The range offered by the St. Louis Fed study places the Hispanic community owning between 2.6 and 3.2 of the nation’s total wealth in 2025.

However, even when these estimates would accomplish a new record for the Latino demographic, most of Hispanic families would remain far less wealthy than white and Asian families.

For the study, St. Louis Federal Reserve Bank, one of the 12 banks that make up the United States central bank, used census projections of population growth and took two different approaches given the uncertainty due to the recent recession.

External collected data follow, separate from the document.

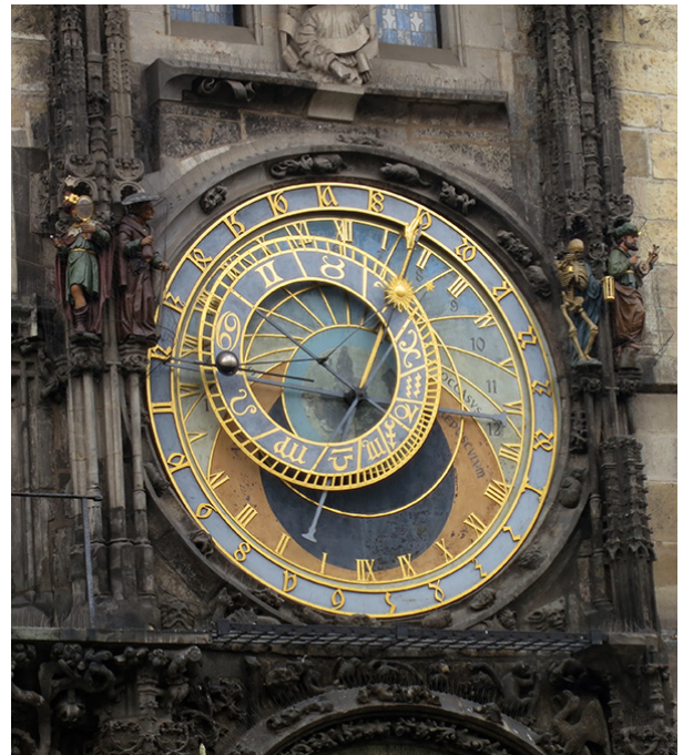
Astronomical Clock shows time, phases of moon, day/dusk/dark, Zodiac, height of sun above horizon and more.
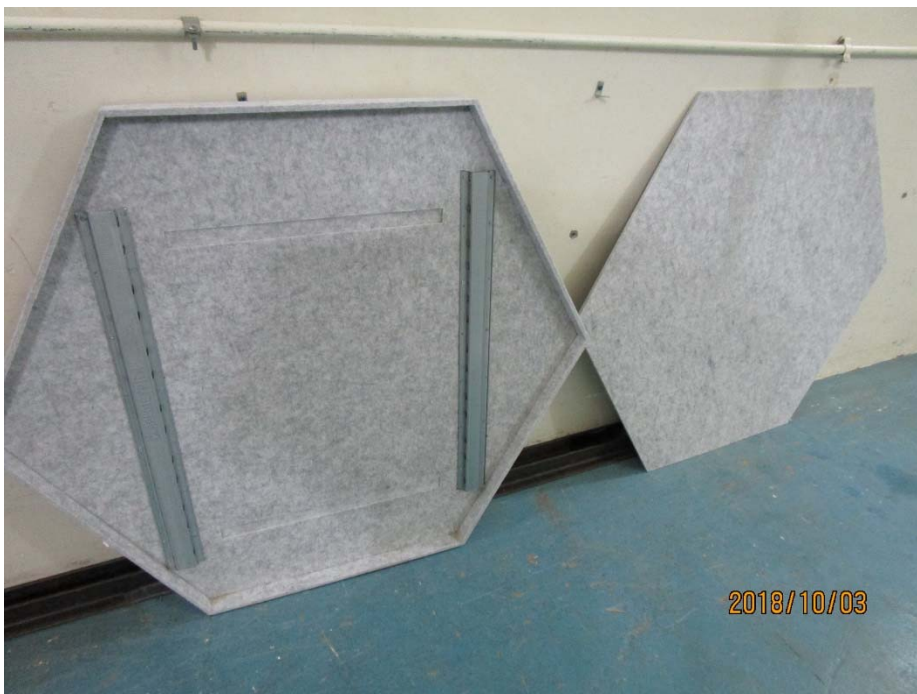
Figure 2 – Body (left) and cap (right) pieces for individual unit
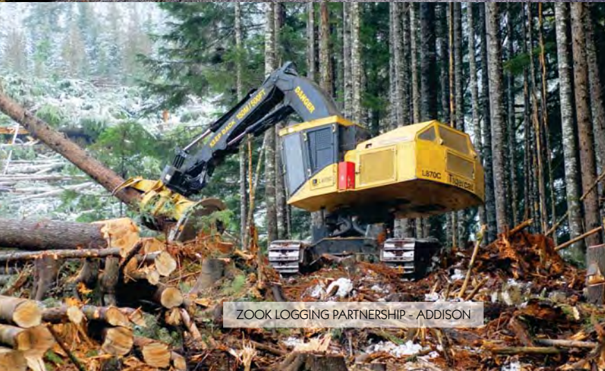
ZOOK LOGGING PARTNERSHIP - ADDISON
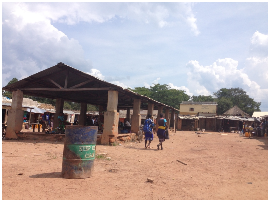
PHOTO 17: Keep Meheba clean. Central Market, Block D (2014) The marketplace in Block D condenses the most varied produce grown in the camp (maize, rice, cassava, tomatoes, pineapples, mangoes, cabbage, groundnuts, etc) while also offering a myriad of shops and services (wholesale shops, video shops, mobile banking, phone houses, barber/hairdresser, bicycle repair workshops, restaurant and bars, restaurants, tailors, etc). Meheba once had a garbage collection system in place.
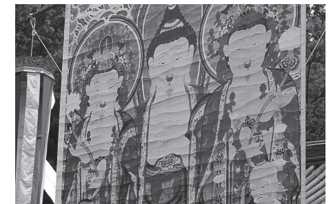
P5. Kwaebul (Tangka)

Yeongsanjae is dubbed as an Important Intangible Cultural Heritage No. 50 in 1973 22) .
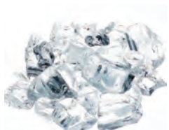
Krystallo Diamond Item # RFG-10-KD
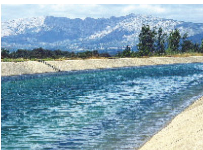
Canal of Provence
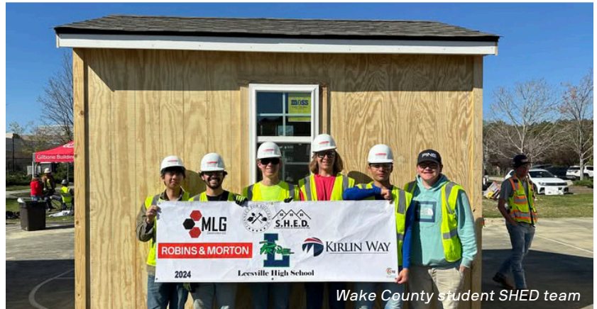
Wake County student SHED team

Our Raleigh team members provided guidance and instruction to a team of students as part of the 2024 Student Hands-on Experience Day (SHED) competition. Dozens of Wake County, North Carolina, high school students participated in the shed-building competition, led by Connect for Success NC. The annual event gives students the opportunity to explore what a potential career in construction could be like.
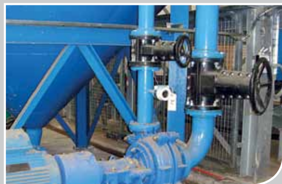
Flowrox PVEG valves at Sims Metal Recycling

Early 2011, Flowrox PVEG valves were chosen by Sims Metal Recycling at one of their recycling plants in the UK. The light-weight manual operated PVEG valves are used to isolate pumps and tanks in their DMS plant. Flowrox products form a key part of Sims' continued investments in the latest products and separation technologies, allowing them to recover maximum metal at minimum cost.
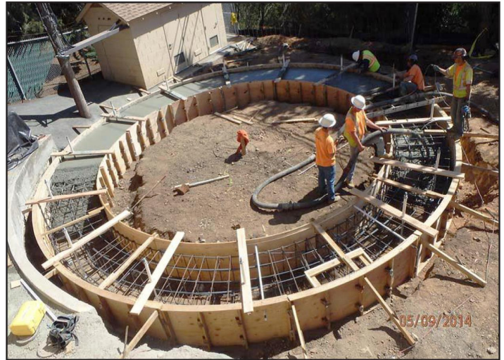
May 9, 2014 - South Tank Concrete Beam Pour
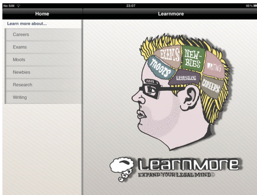
Figure 1: Learnmore

Initially, we had thought about developing the Learnmore website into an app for mobile phones but through discussions with our developer, we came to understand that when dealing with resources which may be text heavy or require a high level of interaction, a larger screen such as that on an iPad, would be far more suitable, simpler and user-friendly than smart phone like an iPhone.
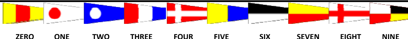
Course Chart IF-2018
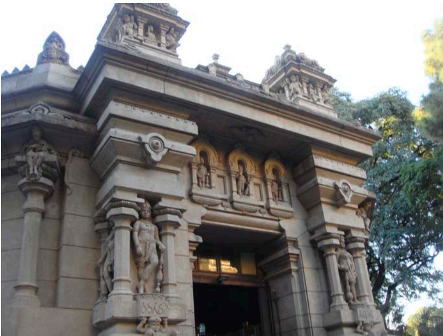
Elephant house at Buenos Aires Zoo

Buenos Aires Zoo reminded me a lot of our Mysore Zoo in India. Even some of the constructions were just the same, like the bandstand where a live band used to entertain visitors to the zoo on Sundays.
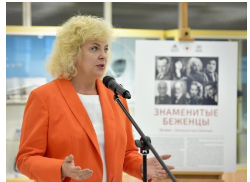
Commissioner for Human Rights in St. Petersburg Svetlana Agapitova speaking at the opening of the “Famous Refugees” exhibition. 20 June 2022
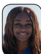
Junior, OF Pensacola, Fla.

2018 (So.): Started all 52 games for UWF in right field... Hit .318, which ranked third on the team, and led team with 29 stolen bases... Ranked sixth in the Gulf South Conference in steals... Ranked second on team with 48 hits... Tied for team lead with 3 outfield assists... Hit .379 with runners on base, .341 with runners in scoring position and .341 with two outs... Had UWF's longest hitting streak of the year, at 8 games... Hit .483 during 8-game hitting streak that lasted from 4/21-29 and led team in batting (.483), hits (14), total bases (15), on-base percentage (.516), multi-hit games (4), and steals (9) in that time... Did not commit an error all year... Was a perfect 21-for-21 in stolen base tries from March 24 through the end of the season... Hit .404 with 19 hits and 13 stolen bases in April... Ranked second on team with 13 multi-hit games... Hit .529 against left-handed pitching.

“In the first approach there would be a reversion to [pre-recession] trend by 2025 and the growth would begin at the 2010 level with no reversion to the previous [2008 – 2010] trend,” Dr. William Emmons, Senior Economic Advisor of the Center for Household Financial Stability at the St. Louis Federal Reserve, told Fox News Latino.

“It assumes the housing market will bounce back to something like the previous trend,” he explained.

Assuming the recession’s losses are not permanent, the St. Louis Federal Reserve’s first scenario showed the Hispanic share of total wealth increasing to 3.2 percent by 2025 and reverting to growth trends from previous decades before the recession.

In the St. Louis Federal Reserve’s second scenario, the recession losses are irretrievable and the Hispanic share of total wealth would only increase because of the population’s exceptional projected growth. This would result in average growth resuming to 2010 levels of 2.6 percent.

“The second assumption is a little bit more likely [because] house prices were probably over valued in 2007 in many places – especially in places with a lot of Hispanic families – where house prices were very, very high relative to income,” Emmons said. “[The housing market] crashed quite a bit and there has been some bounce back, but I think it doesn’t look like we’re going to go back to the trend that was in power before.”

Regardless of the assumptions used however, the St. Louis Federal Reserve stated that total Hispanic wealth is likely to grow notably faster than overall wealth. And a significant portion of this increase, the study noted, would result from the Hispanic population growing faster than any other racial or ethnic group in the country – rather than purely from per-capita increases alone.

Conversely, had the surging growth in population not been taken into account, the Reserve states that the Hispanic wealth share in 2025 would only range between 2.0 percent or 2.4 percent of total wealth – just a minor decrease or increase from the 2010 share.

“[As Hispanic] families grow, and I think this has been the history of other groups as well (…) wealth increases then educational attainment increases, incomes increase and that provides an opportunity to have more diversified assets and to rely less on borrowing.” Emmons told FNL.

“It’s certainly something that we should hope happens and work toward making it happen,” he said.